The bottom line is, you don't have to jump between 13 different bioinformatics websites to get a full picture of a protein.

1. Tell your AI client what biological question you're asking—like 'What domains does this protein have?'
2. The MCP sends the query to InterPro and pulls data from multiple sources, consolidating domain details, structures, and species information.
3. Your agent receives a structured report detailing the protein's classification across various databases (Pfam, CDD) and its evolutionary context.

## Frequently Asked Questions

**How do I find all domains for one protein using get_protein_entries?**
You pass the UniProt accession to `get_protein_entries`. It returns every associated InterPro entry, giving you a complete list of its functional domain assignments.

**Can I use search_taxonomy to find an organism's full profile?**
Yes. You run `search_taxonomy` with the name (e.g., 'human'), and then use `get_taxonomy` on the returned ID to get its rank, lineage, and associated protein counts.

**What is the difference between get_protein and get_proteome?**
`get_protein` gives you domain data for a single sequence. `get_proteome` looks at an entire organism's ID, providing stats on how many proteins in that whole genome are annotated with domains.

**How do I check if Pfam is included in the database scope?
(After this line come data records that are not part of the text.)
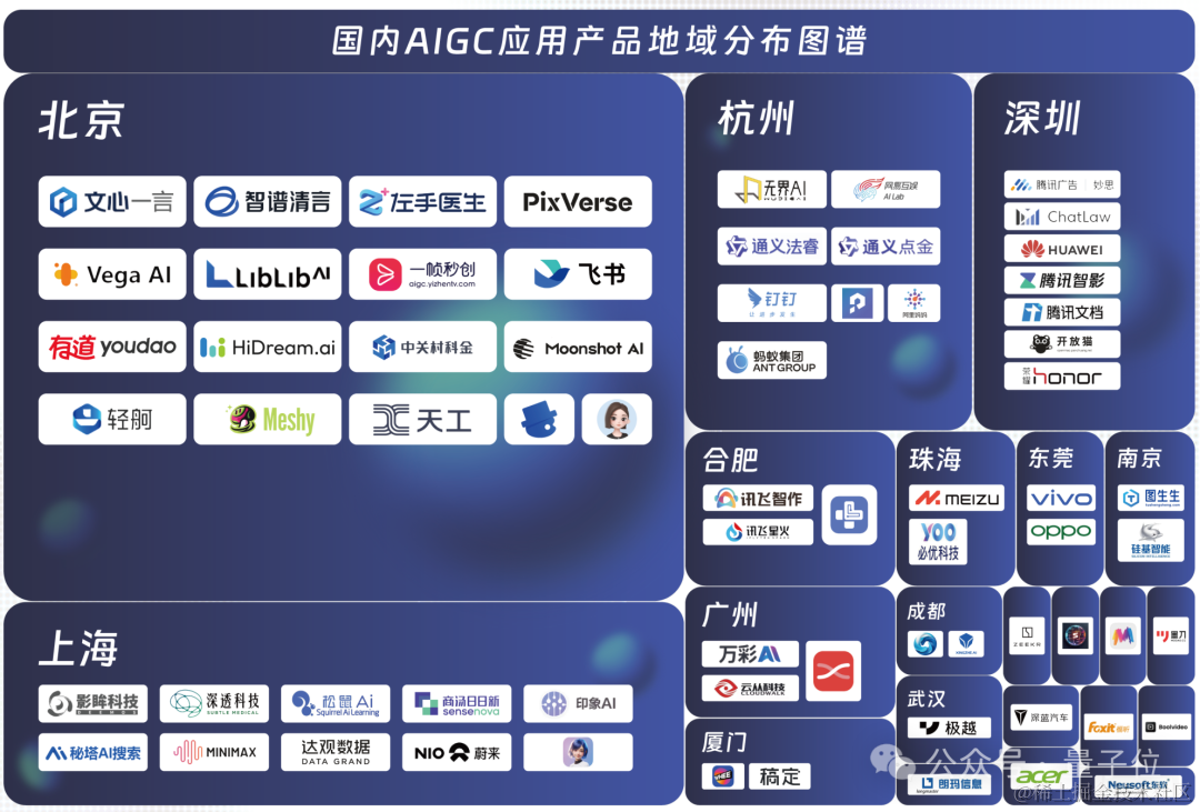全国 AIGC 应用产品地域分布图谱如下,北京以互联网公司和 AI2.0 公司为主,代表玩家最多。
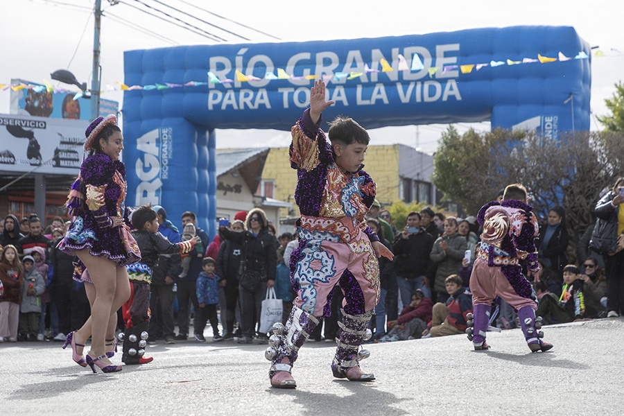 El escenario elegido fue la avenida Perito Moreno, donde artistas locales, de Ushuaia y de Punta Arenas desplegaron su talento ante un público que acompañó con alegría cada presentación.
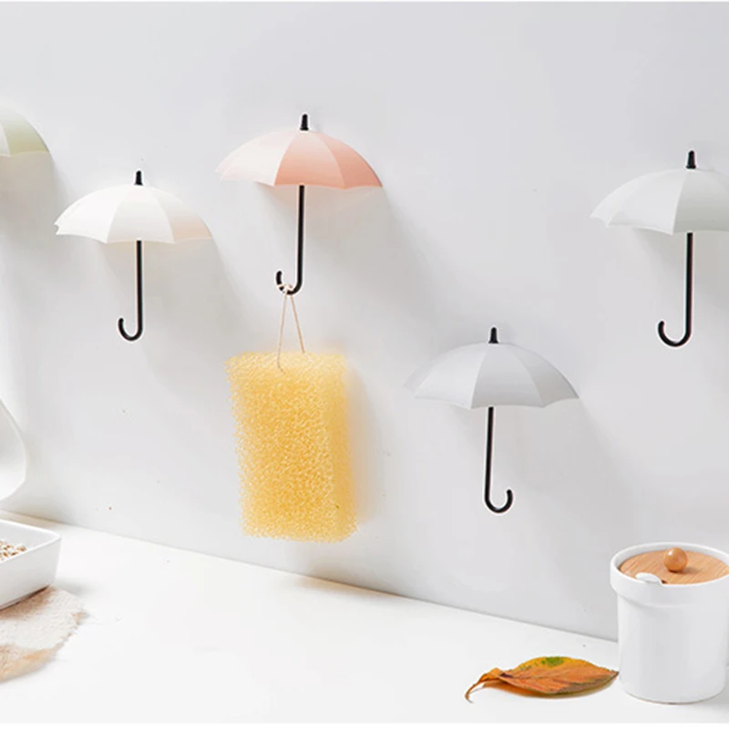 3 шт./компл., разные цвета, маленький зонт, пластиковый настенный крючок, милая Домашняя одежда, держатель для ключей, настенная кухонная настенная дверь
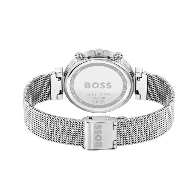 Hugo flawless 1502625 is a stylish womens watch with a stainless steel case in silver. This watch is fitted with a silver Stainless steel mesh bracelet with a width of 16 mm. The pink dial of the boss 1502625 is protected by mineral glass. The watch is water resistant to 30m. Quartz movement. Milanese clasp.

Use list_entry_databases.**
Running `list_entry_databases` shows you all member databases. You'll see Pfam listed there, along with its current entry count, confirming it's part of the unified resource.

**When using `search_entries`, how should I filter my results to look only at domains, excluding entire families?**
You must specify the entry type parameter in `search_entries`. This allows you to narrow the search scope immediately. Instead of getting all related data, you limit the output strictly to domain or family types as needed for your analysis.

**If I run `get_entry` for an InterPro ID, how do I use `get_entry_structures` to find its associated 3D models?**
You pass the primary InterPro accession ID into `get_entry_structures`. This function links the abstract annotation metadata directly to physical structural data. It returns PDB IDs and resolution details for comparison.

**When I use `get_taxonomy`, how do I explore the evolutionary lineage or parent nodes of an organism?**
The `get_taxonomy` tool includes rank information in its results. This lets you trace ancestry and see which broader groups contain a specific species ID. It maps hierarchical relationships, essential for understanding conservation.

**Can I use `get_pfam_entry` to query multiple Pfam accessions (like PF00069 and another one) in a single request?**
Yes. The tool accepts an array or comma-separated list of Pfam IDs for batch querying. This is the most efficient way to retrieve domain details for several known protein families at once.

**Do I need an API key?**
No. The InterPro API is completely public and requires no authentication. Enter any placeholder value in the API key field to activate the server immediately.

**What databases does InterPro integrate?**
InterPro integrates 13+ member databases including Pfam (protein families), CDD (conserved domains from NCBI), SMART (signalling domains), Prosite (patterns and profiles), PANTHER (evolutionary classification), Gene3D (structural domains from CATH), HAMAP (microbial families), PRINTS (fingerprints), PIRSF (classification system), SFLD (superfamilies), and NCBIfam. This gives you a unified view of protein domain and family annotations from the world's leading classification resources.

**Can I find which organisms have a specific protein domain?**
Yes. Use the get_entry_taxonomy tool with any InterPro accession to see the taxonomic distribution of that domain or family. This shows which organisms — from bacteria to humans — contain proteins with that specific domain. It is one of the most powerful tools for evolutionary biology, revealing how protein domains have been conserved or diversified across the tree of life.